I've got a problem with exact equations here, the question I've got is,

$$x \frac {dy}{dx} = 2xe^x-y+6x^2$$

sp, i put it in the form,

$$x dy-(2xe^x-y+6x^2) dx = 0$$

$$x dy+(-2xe^x+y-6x^2) dx = 0$$

the equation would be exact as,

$$\frac {\partial M}{\partial x}=1$$

$$\frac {\partial N}{\partial y} =1$$

But when I integrate M wrt. y and N wrt x I get totally different answers. So which one do I follow? Thanks.

: )

 

[einstone]

Since the equation is exact, there is a function F(x,y) such that
M = The derivative of F with respect to y ... (1)

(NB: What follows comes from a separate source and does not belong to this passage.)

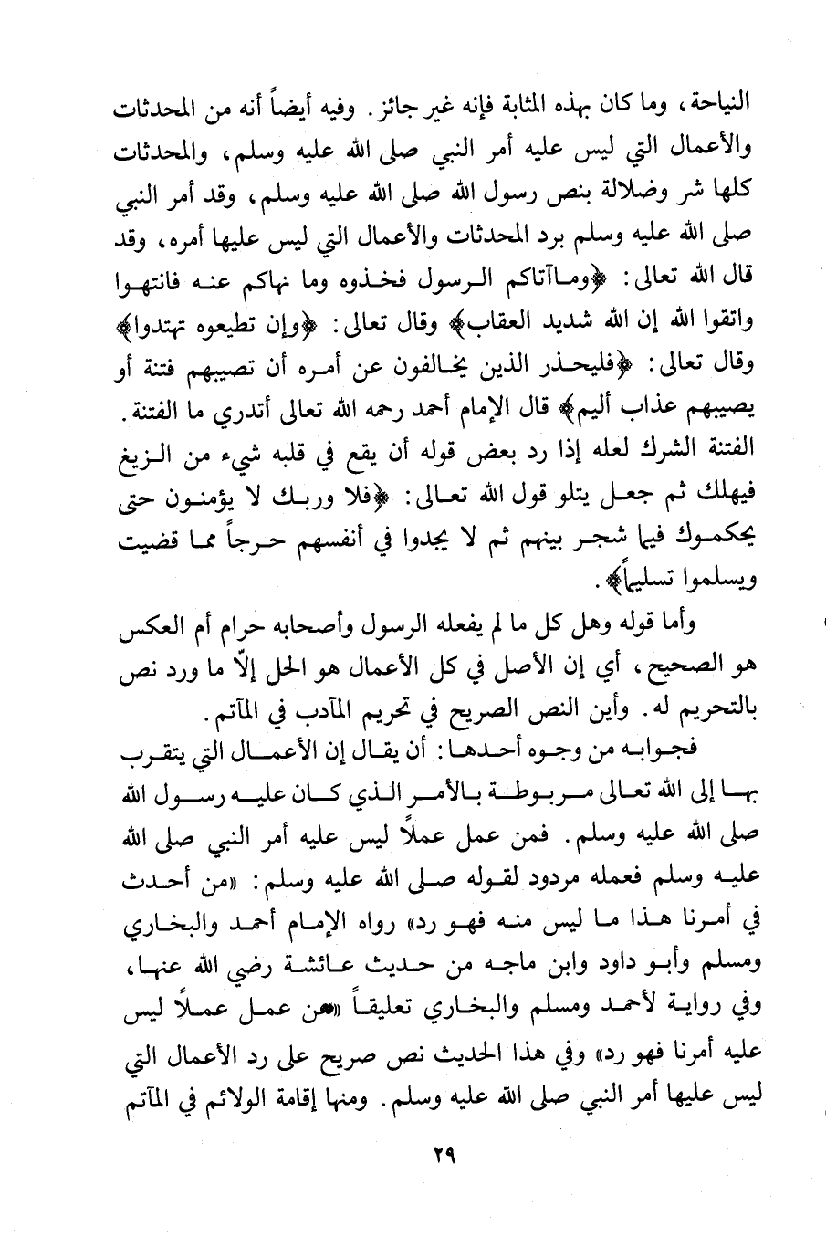 النياحة, وما كان بهذه المثابة فإنه غير جائز. وفيه أيضاً أنه من المحدثات والأعمال التي ليس عليه أمر النبي - صلى الله عليه وسلم - , والمحدثات كلها شر وضلالة بنص رسول الله - صلى الله عليه وسلم - , وقد أمر النبي - صلى الله عليه وسلم - برد المحدثات والأعمال التي ليس عليها أمره, وقد قال الله تعالى: {وما آتاكم الرسول فخذوه وما نهاكم عنه فانتهوا واتقوا الله إن الله شديد العقاب} وقال تعالى: {وإن تطيعوه تهتدوا} وقال تعالى: {فليحذر الذين يخالفون عن أمره أن تصيبهم فتنة أو يصيبهم عذاب أليم} قال الإمام أحمد رحمه الله تعالى أتدري ما الفتنة. الفتنة الشرك لعله إذا رد بعض قوله أن يقع في قلبه شيء من الزيغ فيهلك ثم جعل يتلو قول الله تعالى: {فلا وربك لا يؤمنون حتى يحكموك فيما شجر بينهم ثم لا يجدوا في أنفسهم حرجاً مما قضيت ويسلموا تسليماً}.

N= The derivative of F with respect to x. ...(2)
So, F = The integral of M with respect to y ( keeping x constant) + a function of x (which I'll call g(x)).
Differentiating with respect to x,
N = d/dx ( Int.Mdy) + g'(x). Now g can be ( in principle) found out.

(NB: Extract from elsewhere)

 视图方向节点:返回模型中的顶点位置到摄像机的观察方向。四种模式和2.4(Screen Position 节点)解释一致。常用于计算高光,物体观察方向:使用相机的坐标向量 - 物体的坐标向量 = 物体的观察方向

Are you sure you included g in the integration?
I'm,with great respect,
Einstone.

 

[misogynisticfeminist]

thanks for the help, i forgot to include the g(x) as you have said. I don't think I'll start another thread but I've now currently got a problem. It has something to do with the linear equation.

$$x^-^4 \frac {dy}{dx} 4x^-^5 y = xe^x$$

I don't know how to simplify this to,

$$\frac {d}{dx} (x^-^4 y) = xe^x$$

Thanks...

(I'm now at my friend's house and the book is not with me, so I'll dig out the original question soon.)

 

[Zurtex]

Erm, I'm not convinced you wrote this out correctly (I'm guessing there should be - between the dy/dx and the 4x^-5 but if you did:

$$x^{-4} \frac {dy}{dx} 4x^{-5} y = xe^x$$

$$\frac{dy}{dx} \frac{1}{x^9} y = xe^x$$

$$y\frac{dy}{dx} = x^{10} e^x$$

$$\int y \frac{dy}{dx} dx = \int x^{10} e^x$$

Then all you need to do is use by-parts a lot. But assuming you meant there to be a minus there:

$$x^{-4} \frac {dy}{dx} - 4x^{-5} y = xe^x$$

Notice the LHS takes the form d/dx (uv) = uv'+u'v, where u=x^-4 and v=y. So rewriting:

$$\frac{d}{dx} \left( x^{-4} y \right) = xe^x$$

 

[misogynisticfeminist]

I'm sorry, there was a mistake, it should be,

$$x^-^4 \frac {dy}{dx} - 4x^-^5y =xe^x$$

there should be a minus sign...

I've finally understood, thanks a lot...

: )